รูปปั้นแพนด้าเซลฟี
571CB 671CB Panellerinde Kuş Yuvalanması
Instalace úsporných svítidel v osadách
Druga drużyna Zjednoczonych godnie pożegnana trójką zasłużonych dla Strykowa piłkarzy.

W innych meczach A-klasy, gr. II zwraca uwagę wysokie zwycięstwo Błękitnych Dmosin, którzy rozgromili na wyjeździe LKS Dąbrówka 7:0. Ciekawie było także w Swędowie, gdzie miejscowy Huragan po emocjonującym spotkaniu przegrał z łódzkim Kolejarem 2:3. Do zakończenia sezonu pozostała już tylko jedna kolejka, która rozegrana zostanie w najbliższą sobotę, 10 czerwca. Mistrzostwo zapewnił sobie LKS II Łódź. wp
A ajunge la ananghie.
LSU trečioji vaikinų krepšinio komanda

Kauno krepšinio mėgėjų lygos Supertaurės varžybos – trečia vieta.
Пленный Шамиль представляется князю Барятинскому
--
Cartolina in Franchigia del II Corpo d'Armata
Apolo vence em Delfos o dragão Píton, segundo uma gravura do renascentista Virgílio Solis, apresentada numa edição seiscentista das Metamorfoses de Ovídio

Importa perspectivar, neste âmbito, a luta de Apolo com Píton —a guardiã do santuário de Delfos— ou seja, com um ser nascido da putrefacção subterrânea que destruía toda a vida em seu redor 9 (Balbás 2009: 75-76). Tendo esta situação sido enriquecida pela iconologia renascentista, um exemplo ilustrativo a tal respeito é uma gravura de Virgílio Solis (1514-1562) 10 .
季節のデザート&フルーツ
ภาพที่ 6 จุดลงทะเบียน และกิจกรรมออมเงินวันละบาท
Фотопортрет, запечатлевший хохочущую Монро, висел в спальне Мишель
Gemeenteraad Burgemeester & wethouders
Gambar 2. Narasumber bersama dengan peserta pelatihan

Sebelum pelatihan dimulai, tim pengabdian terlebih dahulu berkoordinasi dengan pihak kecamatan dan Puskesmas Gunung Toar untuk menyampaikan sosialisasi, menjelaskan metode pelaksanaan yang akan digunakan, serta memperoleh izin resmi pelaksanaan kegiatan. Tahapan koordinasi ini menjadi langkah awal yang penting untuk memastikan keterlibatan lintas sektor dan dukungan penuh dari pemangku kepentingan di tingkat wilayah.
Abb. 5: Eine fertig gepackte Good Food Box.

How to complete this task :: Restate word for word the lines in the material above from the one with "Gemeenteraad Burgemeester & wethouders" to the one with "Gambar 2. Narasumber"; both of those lines count, and nothing else does.

Answer to this task ::
Gemeenteraad Burgemeester & wethouders
Gambar 2. Narasumber bersama dengan peserta pelatihan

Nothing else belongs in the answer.